▶ [Work item]:
A verbatim restatement of the data, free of pictures, is what you should output.

• • • • •

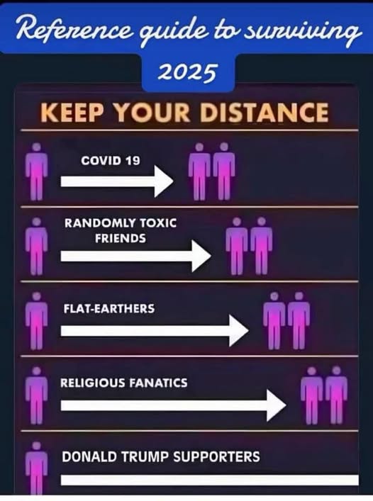 Create healthy boundaries against toxic MAGAs, who I have found for the most part are not safe people. If you meet a MAGA, keep them at arms length until you are certain they are not one of the radical right-wing faction. (They all are not extremists, you know. Some are simply not educated in how politics affects average Americans.)
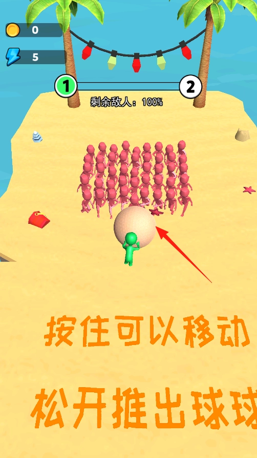 在正式关卡中,绿色小人会推着一颗球,前方有一群粉色敌人。你需要按住屏幕来移动小人调整位置,松开手指后小人就会把球朝着敌人推过去。通过用球撞击敌人来减少敌人数量,直到将这一波敌人全部清除完毕。
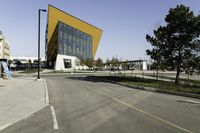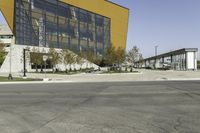 A view of a modern architecture building in Toronto's financial district during the day. The building is located on a busy street with asphalt roads and concrete sidewalks. The facade of the building is made of composite materials and features large windows. A row of trees provides shade along the sidewalk, and there are street lights and crosswalks for pedestrians. The clear sky and urban design create a vibrant city atmosphere.
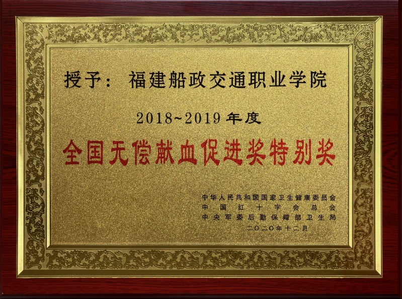 授予福建船政交通職業(yè)學院2018-2019年度全國無償獻血促進獎
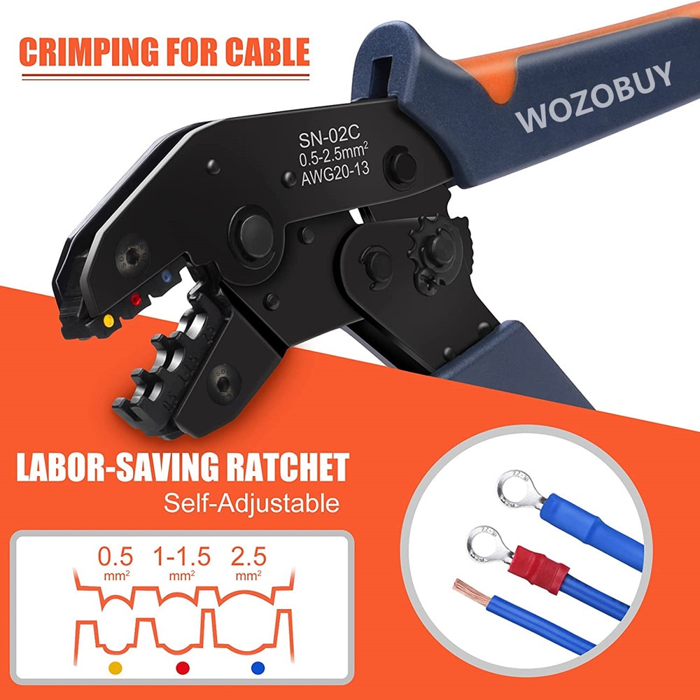 WOZOBUY Crimping Pliers Set Wire Crimper Crimping Tools Ratcheting SN-02C Insulation Terminals Electrical Clamp Min Tools

• • • • •

▶ [Response box]:
 Create healthy boundaries against toxic MAGAs, who I have found for the most part are not safe people. If you meet a MAGA, keep them at arms length until you are certain they are not one of the radical right-wing faction. (They all are not extremists, you know. Some are simply not educated in how politics affects average Americans.)
 在正式关卡中,绿色小人会推着一颗球,前方有一群粉色敌人。你需要按住屏幕来移动小人调整位置,松开手指后小人就会把球朝着敌人推过去。通过用球撞击敌人来减少敌人数量,直到将这一波敌人全部清除完毕。
 A view of a modern architecture building in Toronto's financial district during the day. The building is located on a busy street with asphalt roads and concrete sidewalks. The facade of the building is made of composite materials and features large windows. A row of trees provides shade along the sidewalk, and there are street lights and crosswalks for pedestrians. The clear sky and urban design create a vibrant city atmosphere.
 授予福建船政交通職業(yè)學院2018-2019年度全國無償獻血促進獎
 WOZOBUY Crimping Pliers Set Wire Crimper Crimping Tools Ratcheting SN-02C Insulation Terminals Electrical Clamp Min Tools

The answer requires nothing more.